Of course, the Ravens’ motivation in signing Smith to a three-year, $11.5 million in March went beyond the number of passes he’ll catch as the offense lacked vocal leadership and swagger last season following the trade of veteran wideout Anquan Boldin. Smith has already shown he isn’t afraid to stir the pot as he mixed it up with cornerback Lardarius Webb during last month’s mandatory minicamp.
He’ll need to be productive on the field to authentically establish himself as a leader, but the early returns suggest both sides of the ball have benefited from his competitive fire during practices. It’s a reputation that was well known to the Ravens long before the veteran stepped foot in Owings Mills this spring.
“We get another defensive guy playing offense with Steve coming over,” linebacker Terrell Suggs said. “This is one guy last year [who defensive coordinator] Dean Pees told us not to anger, and it was a preseason game. The goal was to do our time and get out of there. It’s great to have him on our team.”
Smith’s ability to rebound from an underwhelming 745-yard season a year ago will go a long way in determining whether the Ravens can substantially improve their 29th-ranked offense in 2013. He doesn’t need to be a 1,000-yard receiver, but the veteran will be asked to catch shorter passes and help move the chains on third down, an area in which the Ravens ranked only 20th last season.

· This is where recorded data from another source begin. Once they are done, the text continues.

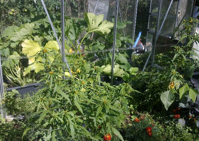 Tänään kun oli lyhyempi päivä, ennätin kotona pihallekin. Kasvihuone ja kohopenkki kaipasivat kastelua, ja aina sitä ruosimista siellä riittää. Keräsin ensimmäiset tuleentuneet härkäpavut. Taitoin mukavan kokoisen kesäkurpitsan salaattiin. Ensi kesänä taidan laittaa kesäkurpitsaa kasvamaan pelkästään ulos kohopenkkiin, enkä enää yritäkään sitä suotta kasvihuoneessa, koskapa se näyttäisi paremmin menestyvät ulkosalla, kumma kyllä.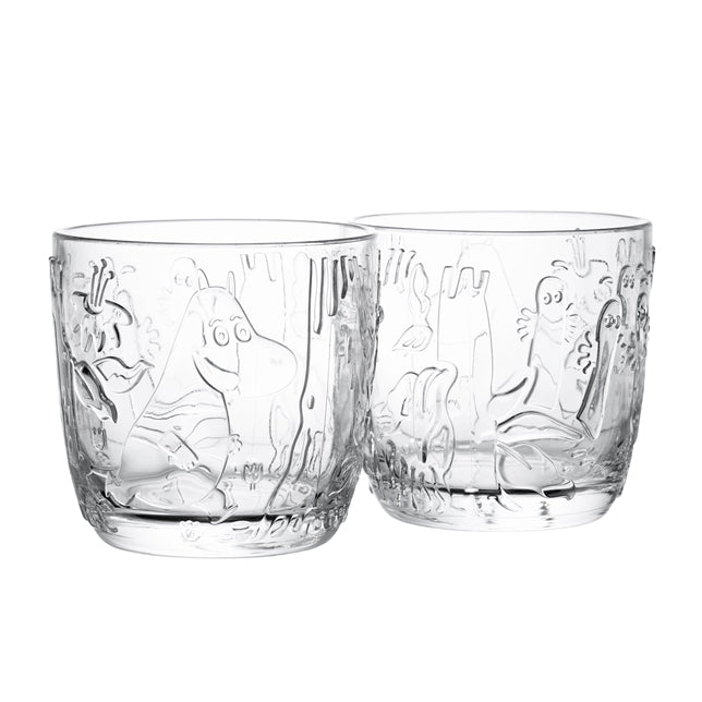 Explore the stunning embossed glassware collection inspired by Tove Jansson’s novel “Finn Family Moomintroll”. Each piece is decorated with beautiful textures that capture the magic of mystical forest while the Moomins are playing hide and seek. Moomin Arabia, tumbler clear 28 cl, 2pc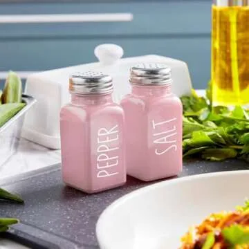 Pink Salt and Pepper Shakers Set - Pink Kitchen Decor and Accessories - Cute Glass Salt Shaker for Kitchen and Table, RV, Camp,BBQ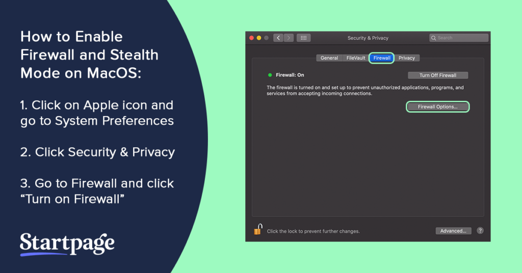 How to turn on Firewall and Enable Stealth Mode: Apple icon > System Preferences > Security & Privacy > Firewall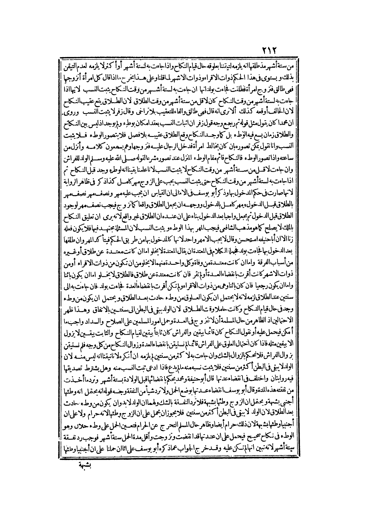 أَوْ نَقُولُ النِّكَاحُ كَانَ قَائِمًا بِيَقِينٍ وَالْفِرَاشُ كَانَ ثَابِتًا بِيَقِينٍ لِقِيَامِ النِّكَاحِ، وَالثَّابِتُ بِيَقِينٍ لَا يَزُولُ إلَّا بِيَقِينٍ مِثْلِهِ فَإِذَا كَانَ احْتِمَالُ الْعُلُوقِ عَلَى الْفِرَاشِ قَائِمًا لَمْ نَسْتَيْقِنْ بِانْقِضَاءِ الْعِدَّةِ وَزَوَالِ النِّكَاحِ مِنْ كُلِّ وَجْهٍ فَلَمْ نَسْتَيْقِنْ بِزَوَالِ الْفِرَاشِ فَلَا نَحْكُمُ بِالزَّوَالِ بِالشَّكِّ، وَإِنْ جَاءَتْ بِهِ لِأَكْثَرَ مِنْ سَنَتَيْنِ لَمْ يَلْزَمْهُ إنْ أَنْكَرَهُ؛ لِأَنَّا تَيَقَّنَّا أَنَّهُ لَيْسَ مِنْهُ؛ لِأَنَّ الْوَلَدَ لَا يَبْقَى فِي الْبَطْنِ أَكْثَرَ مِنْ سَنَتَيْنِ فَلَا يَثْبُتُ نَسَبُهُ مِنْهُ مَا لَمْ يَدَّعِ فَإِذَا ادَّعَى ثَبَتَ النَّسَبُ مِنْهُ، وَهَلْ يُشْتَرَطُ تَصْدِيقُهَا فِيهِ؟ رِوَايَتَانِ، وَاخْتُلِفَ فِي انْقِضَاءِ عِدَّتِهَا.

The longtime Panther knows his career is winding down but thinks he’s found the ideal place to fit his personality.
“I’m lucky to even be here,” Smith said. “After you hit 35, you should be with a walker and all that stuff. I’m just happy to be playing ball and have the opportunity to play in a conference where it’s smash-mouth football, and I’m going to fit in perfectly [with] that.”
Pierce, Reid ready to go
The Ravens will conduct their first full-squad workout on Thursday morning and enter the summer with a short injury report as running back Bernard Pierce and offensive lineman Jah Reid both participated fully in Tuesday’s workout.
Pierce has now been cleared after undergoing offseason shoulder surgery while Reid was sidelined with a calf injury in the spring.
“These two days they both looked good. They both looked fine; they have no problems,” coach John Harbaugh said. “There are some full-speed-type drills out there, not contact, but the speed of it, and they had no problems. We’ll work them through the first two days. Thursday and Friday are both full speed, but they’re not full contact, so that’ll be another chance for them to take the next step that way. I don’t anticipate any problems.”
Defensive tackle Terrence Cody is the only veteran with a clear injury concern entering camp as he’s still recovering from offseason hip surgery. Harbaugh said the fifth-year lineman is progressing, but there is no clear target date of when he’ll return to the practice field.
Dumervil grateful for opportunity provided by Bowlen in Denver
With Wednesday’s news of Pat Bowlen stepping down as owner of the Denver Broncos due to Alzheimer’s disease, Ravens linebacker Elvis Dumervil offered his support after spending the first seven seasons of his career in Denver.
“He helped impact my life [and] my family for generations to come,” Dumervil said. “He was a great guy. He always asked about my health, and when I was out for the year [in 2010], we talked a bit. He was always great to me, and I was always grateful for that. When I heard about the news, it was a sad day for that.”